_Study material_:
◆ ◆ ◆ ◆ ◆ ◆ ◆

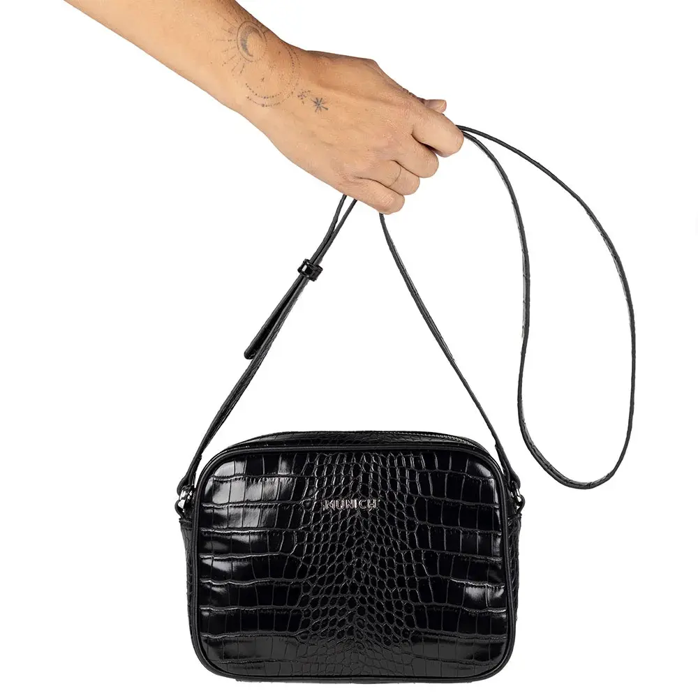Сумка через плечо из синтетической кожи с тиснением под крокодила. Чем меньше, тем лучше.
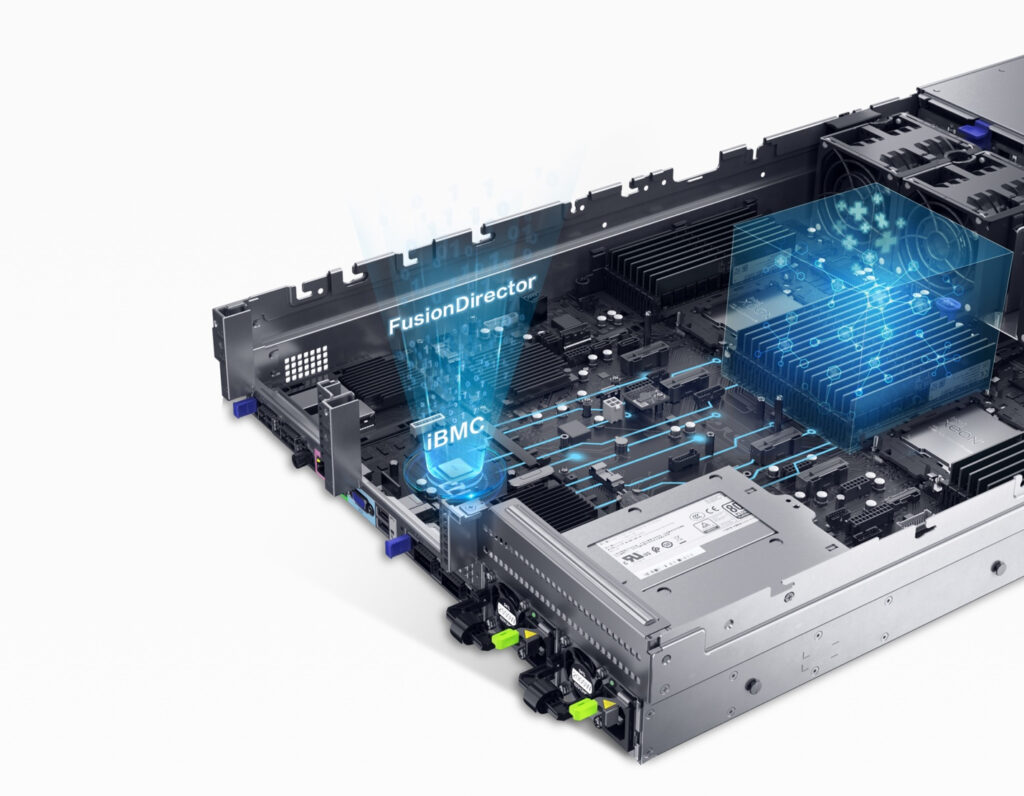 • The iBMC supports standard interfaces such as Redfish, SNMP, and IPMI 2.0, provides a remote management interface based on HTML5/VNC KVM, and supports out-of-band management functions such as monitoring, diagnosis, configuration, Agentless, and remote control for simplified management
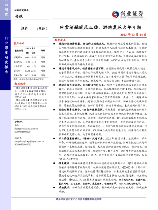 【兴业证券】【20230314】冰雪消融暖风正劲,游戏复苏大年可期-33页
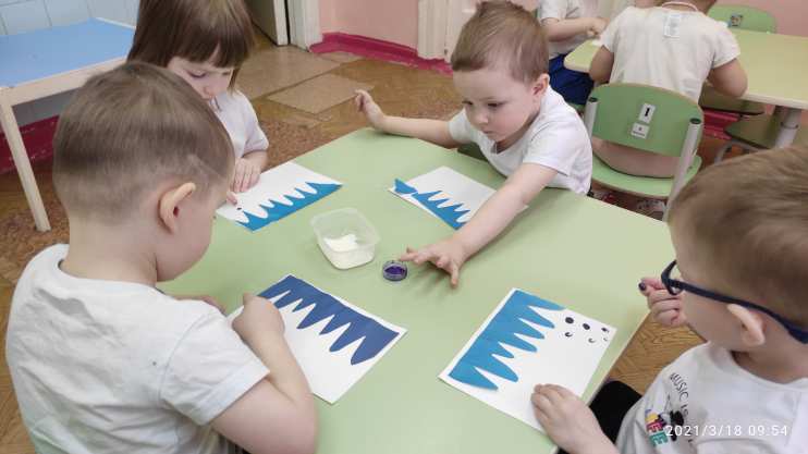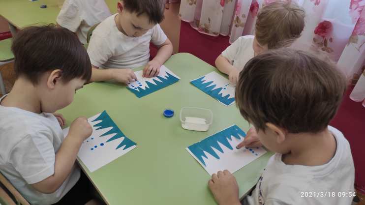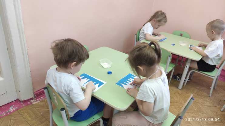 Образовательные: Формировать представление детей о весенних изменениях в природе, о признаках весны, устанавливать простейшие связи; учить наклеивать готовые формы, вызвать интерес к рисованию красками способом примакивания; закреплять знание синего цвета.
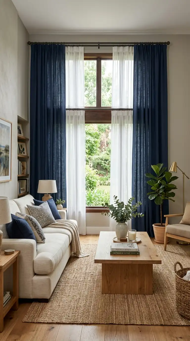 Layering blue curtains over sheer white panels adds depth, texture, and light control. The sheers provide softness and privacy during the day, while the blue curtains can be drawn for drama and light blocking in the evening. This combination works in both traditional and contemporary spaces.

◆ ◆ ◆ ◆ ◆ ◆ ◆

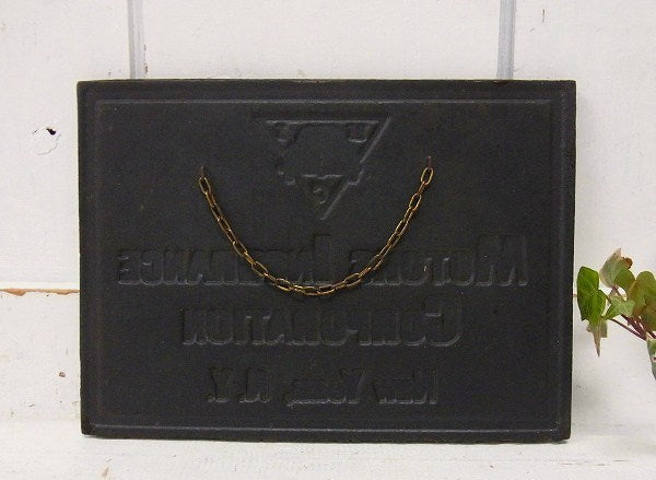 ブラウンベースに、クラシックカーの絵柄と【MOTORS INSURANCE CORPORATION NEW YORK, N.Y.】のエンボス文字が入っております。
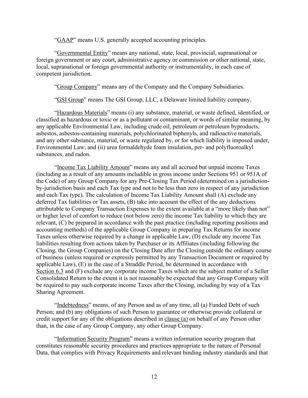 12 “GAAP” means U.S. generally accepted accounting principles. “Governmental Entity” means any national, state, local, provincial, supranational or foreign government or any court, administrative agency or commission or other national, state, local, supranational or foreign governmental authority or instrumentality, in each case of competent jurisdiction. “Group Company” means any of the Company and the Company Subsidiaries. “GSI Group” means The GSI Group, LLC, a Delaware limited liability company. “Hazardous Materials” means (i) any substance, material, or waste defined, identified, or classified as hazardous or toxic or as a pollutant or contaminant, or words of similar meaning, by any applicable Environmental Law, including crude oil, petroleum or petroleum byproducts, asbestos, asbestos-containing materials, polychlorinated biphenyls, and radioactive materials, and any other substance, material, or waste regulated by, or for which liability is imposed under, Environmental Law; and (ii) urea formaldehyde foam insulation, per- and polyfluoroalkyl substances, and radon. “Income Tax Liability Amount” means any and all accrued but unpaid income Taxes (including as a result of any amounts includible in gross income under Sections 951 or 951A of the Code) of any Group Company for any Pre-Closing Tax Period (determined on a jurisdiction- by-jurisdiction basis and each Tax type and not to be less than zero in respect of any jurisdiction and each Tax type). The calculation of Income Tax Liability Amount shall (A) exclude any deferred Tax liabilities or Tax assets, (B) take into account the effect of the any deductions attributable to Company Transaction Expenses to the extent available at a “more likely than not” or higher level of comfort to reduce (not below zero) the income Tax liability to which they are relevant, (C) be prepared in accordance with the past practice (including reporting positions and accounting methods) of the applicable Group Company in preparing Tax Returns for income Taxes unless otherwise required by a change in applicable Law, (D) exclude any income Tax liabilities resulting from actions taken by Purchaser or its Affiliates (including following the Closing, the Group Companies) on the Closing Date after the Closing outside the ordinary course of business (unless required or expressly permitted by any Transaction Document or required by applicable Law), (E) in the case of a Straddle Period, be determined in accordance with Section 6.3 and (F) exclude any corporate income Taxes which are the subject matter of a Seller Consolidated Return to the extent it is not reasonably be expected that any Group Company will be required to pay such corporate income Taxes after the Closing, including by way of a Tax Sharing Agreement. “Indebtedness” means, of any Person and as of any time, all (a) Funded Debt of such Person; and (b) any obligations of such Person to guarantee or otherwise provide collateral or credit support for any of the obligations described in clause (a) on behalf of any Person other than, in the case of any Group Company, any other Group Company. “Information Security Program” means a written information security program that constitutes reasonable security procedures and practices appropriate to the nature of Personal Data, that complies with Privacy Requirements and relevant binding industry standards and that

◆ ◆ ◆ ◆ ◆ ◆ ◆

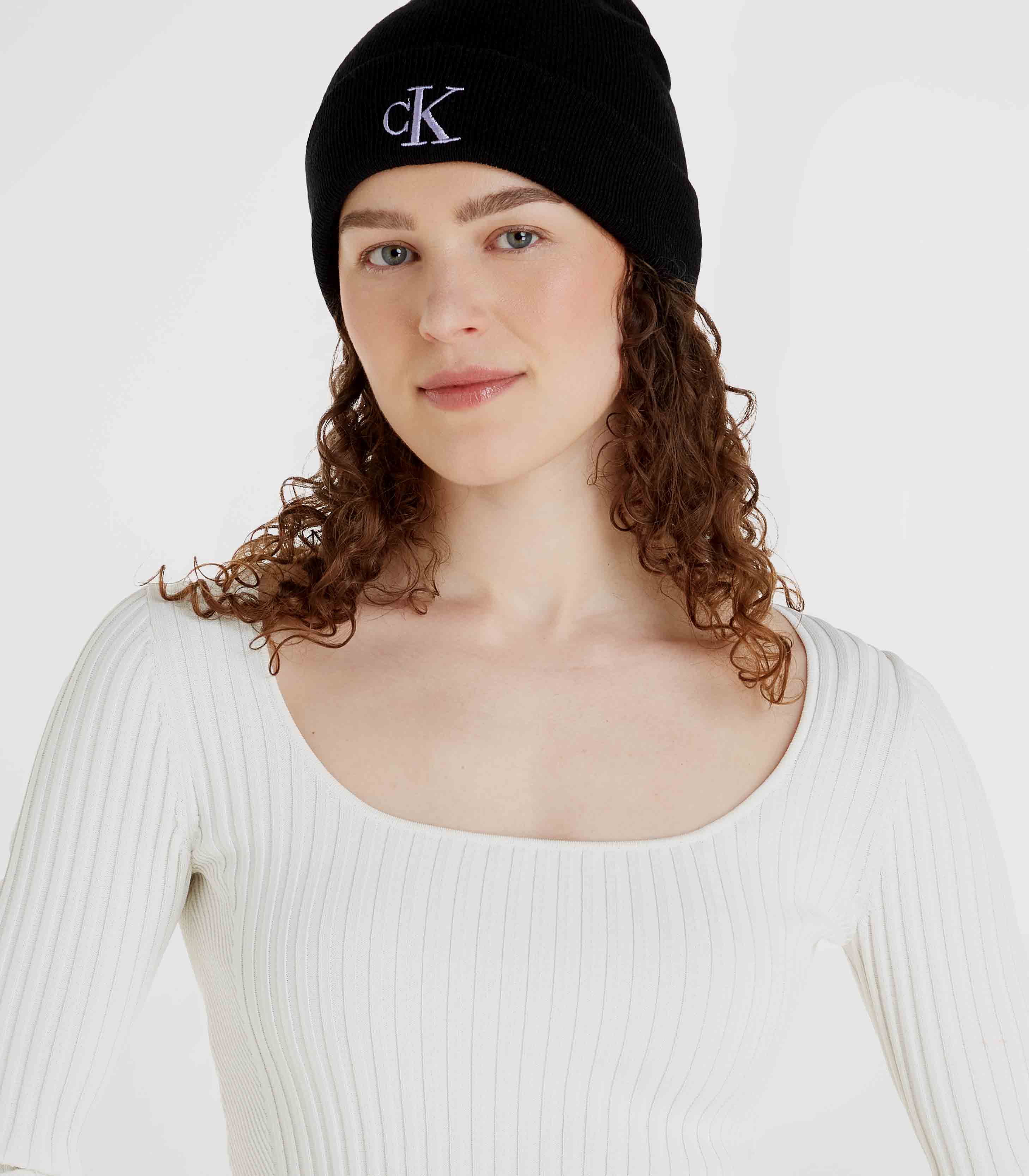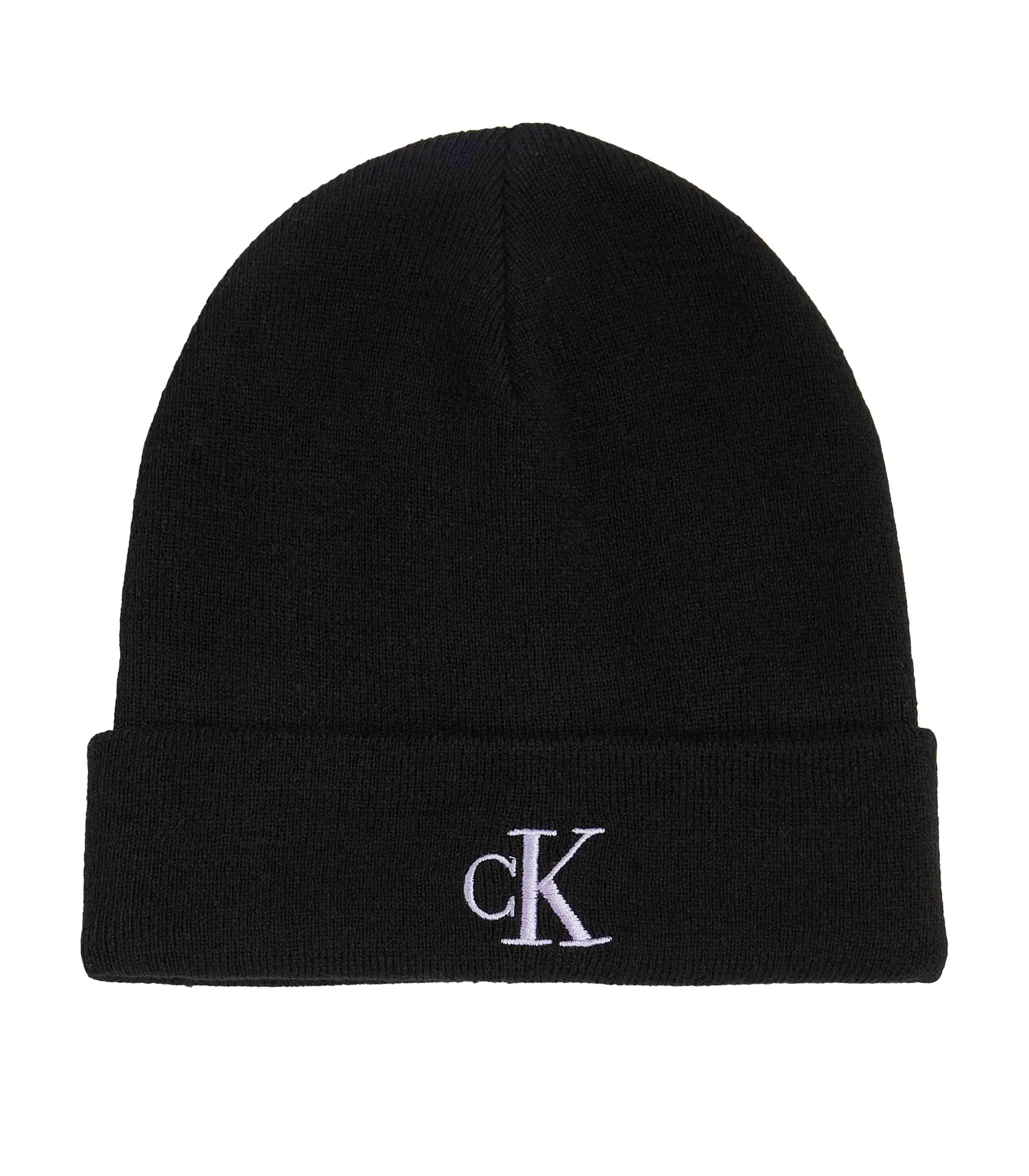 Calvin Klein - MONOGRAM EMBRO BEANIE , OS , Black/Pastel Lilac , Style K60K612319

◆ ◆ ◆ ◆ ◆ ◆ ◆

_What the task asks_:
In the data above, take the line with "for simplified management", the line with "Layering blue curtains", and every line between, and set them down exactly without pictures.

_Result of the exercise_:
 • The iBMC supports standard interfaces such as Redfish, SNMP, and IPMI 2.0, provides a remote management interface based on HTML5/VNC KVM, and supports out-of-band management functions such as monitoring, diagnosis, configuration, Agentless, and remote control for simplified management
 【兴业证券】【20230314】冰雪消融暖风正劲,游戏复苏大年可期-33页
 Образовательные: Формировать представление детей о весенних изменениях в природе, о признаках весны, устанавливать простейшие связи; учить наклеивать готовые формы, вызвать интерес к рисованию красками способом примакивания; закреплять знание синего цвета.
 Layering blue curtains over sheer white panels adds depth, texture, and light control. The sheers provide softness and privacy during the day, while the blue curtains can be drawn for drama and light blocking in the evening. This combination works in both traditional and contemporary spaces.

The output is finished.